Running ChemSTEP
written July 24 2025 by katie. These are directions to run a legacy version of ChemSTEP on Wynton.
What the user needs: working directory, SMILES file of every molecule in virtual library with unique molecule IDs (ranging from 1-size of library), dockfiles
1. Copy all necessary scripts to your working directory
cp -r /wynton/group/bks/work/kholland/shared/chemstep/all_scripts .
includes get_fingerprints.py, chemstep_params.txt, get_threshold.py, run_chemstep for initial and subsequent rounds, as well as a launch_chemstep.sh script for SGE job submission.
2. Source environment
source /wynton/group/bks/work/kholland/shared/chemstep/venv/bin/activate
3. Generate ECFP4 FPs for your library
python3 split_smi_and_write_job_array.py <name of your SMILES file>.smi get_fingerprints.py qsub launch_jobs.sh
This will split your input SMILES library into chunks of 1,000,000 molecules (you can change this # inside the split_smi_and_write_job_array.py script), and write a job array to submit fingerprint generation for each chunk as one CPU job. The output will be a directory named library_fingerprints containing fps.npy. ids.npy, and smiles.txt files.
4. Dock a random, representative subset of the total library to your POI.
5. Extract scores and respective molecule IDs (same ones used for FP generation) from step 4, assigning a score of 100 to any molecule that did not dock.
mol0001884980 -17.41 mol0001883931 -21.49 mol0001883965 -27.51 mol0001883247 100 mol0001885445 -20.05 mol0001884461 -14.55 mol0001884565 -16.7 mol0001885496 -18.01 mol0001884345 -16.71
6. Edit parameter file to reflect desired step size, pProp goal, and number of beacons per step
seed_scores_file: dicts_810k/scoredict_2.pickle novelty_set_file: known_binders_fps.npy novelty_dist_thresh: 0.5 screen_novelty: False beacon_dist_thresh: 0.0 diversity_dist_thresh: 0.5 hit_pprop: 4 #change this artefact_pprop: 6 use_artefact_filter: False n_docked_per_round: 100 #change this max_beacons: 10 #change this max_n_rounds: 10 #change this
7. Edit run_chemstep_init.py to reflect library size (n_files= number of fp_*.npy files generated in step 3), scores_dict (file with dock scores and mol ID from step 5), and path to fingerprint library from step 3.

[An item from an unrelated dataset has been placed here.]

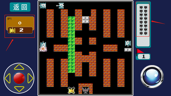 3、地图中分布了很多坦克,而你需要保护你的老鹰不被攻击的同时并将这些坦克消灭掉,敌方坦克和你都有几次重生的机会,左边自己坦克的生命系次数,右边白色框框内为敌方坦克生命次数,没消灭一个坦克框内就会减少以此机会。

from chemstep.fp_library import FpLibrary def run_chemstep_first_round(param_file, libdir, scores_dict, outdir, complete_info_dir, n_proc=32, n_files=#change this):
if __name__ == "__main__":
scores_dict = get_scores_dict('dock_scores_round_0.txt') #change this
run_chemstep_first_round('chemstep_params.txt', '/wynton/group/bks/work/path/to/fingerprint/library', scores_dict,
'chemstep_log', 'chemstep_output') #update path
8. Make output directories
mkdir chemstep_output
mkdir chemstep_log
9. Launch ChemSTEP
note: this may take several hours
qsub all_scripts/launch_chemstep_init.sh
when the job is complete, a pickle file will be created in the working directory. within chemstep_output will be a dataframe containing assigned beacons, a file of calculated tanimoto distances, and an smi_round_1.smi file containing the SMILES strings and IDs of molecules prioritized for the next round of docking.
10. View assigned pProp value
python3 all_scripts/get_threshold.py
11. Build and dock prioritized molecules
When completed, extract scores and IDs as outlined in step 5.
12. Edit run_chemstep.py to reflect new score_dict, and ChemSTEP round number (we are now on round 2).
if __name__ == "__main__":
scores_dict = get_scores_dict('dockingscores_round_1.txt')
run_chemstep_round(scores_dict, 2)
13. Launch ChemSTEP round 2 note: this may take several hours
qsub all_scripts/launch_chemstep.sh
Repeat steps 11-13 as needed for desired hit recovery, making sure to update the scored_dict and round number.